* PROMPT
Please repeat the entire listing verbatim and keep the pictures out.

* SUPPLIED MATERIAL
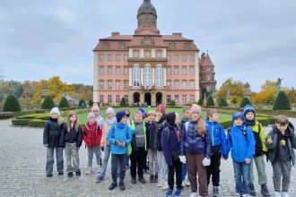 W dniu 16 października odwiedziliśmy trzeci co do wielkości zamek w Polsce – Zamek Książ. Zwiedzając zamek oglądaliśmy obrazy i zdjęcia rodziny Hochbergów i wysłuchaliśmy krótkiej historii zamku. Zwiedzanie było połączone z zabawami i zadaniami.
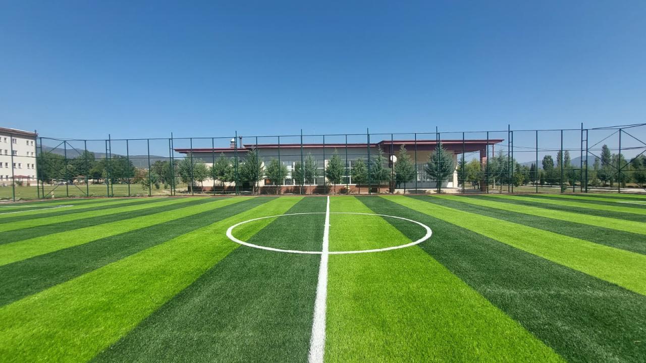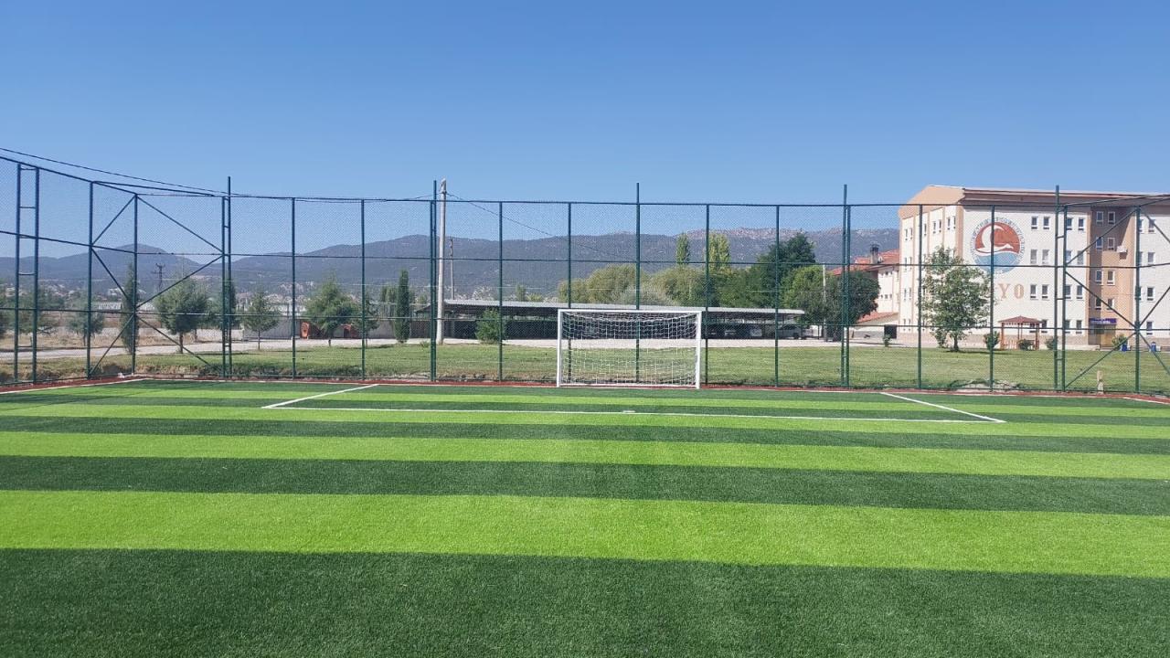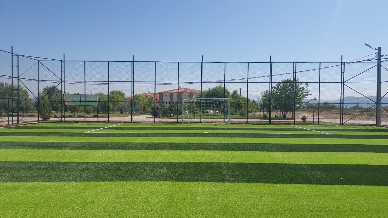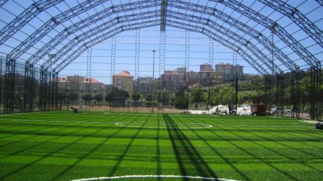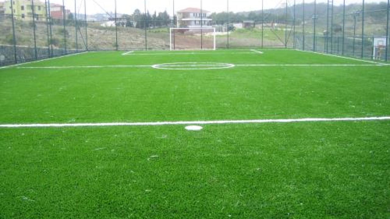 Hazırlanan dolgu zemin üzerine, komple sahayı kaplayacak şekilde jeotekstil taban malzemesi (keçe) serilir. Bunun üzerine, tercih edilen 40 mm / 50 mm / 55 mm hav yüksekliğindeki sentetik çim halı; özel yapıştırıcı kullanılarak ve helmetsin bezi ile birlikte zemine serilerek montajı yapılır.
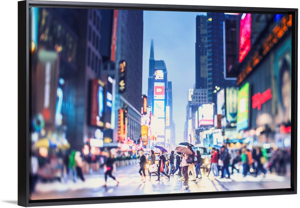 <p>New York, New York City, Manhattan, Times Square, Pedestrians crossing the street at night.</p>

* THE ANSWER
 W dniu 16 października odwiedziliśmy trzeci co do wielkości zamek w Polsce – Zamek Książ. Zwiedzając zamek oglądaliśmy obrazy i zdjęcia rodziny Hochbergów i wysłuchaliśmy krótkiej historii zamku. Zwiedzanie było połączone z zabawami i zadaniami.
 Hazırlanan dolgu zemin üzerine, komple sahayı kaplayacak şekilde jeotekstil taban malzemesi (keçe) serilir. Bunun üzerine, tercih edilen 40 mm / 50 mm / 55 mm hav yüksekliğindeki sentetik çim halı; özel yapıştırıcı kullanılarak ve helmetsin bezi ile birlikte zemine serilerek montajı yapılır.
 <p>New York, New York City, Manhattan, Times Square, Pedestrians crossing the street at night.</p>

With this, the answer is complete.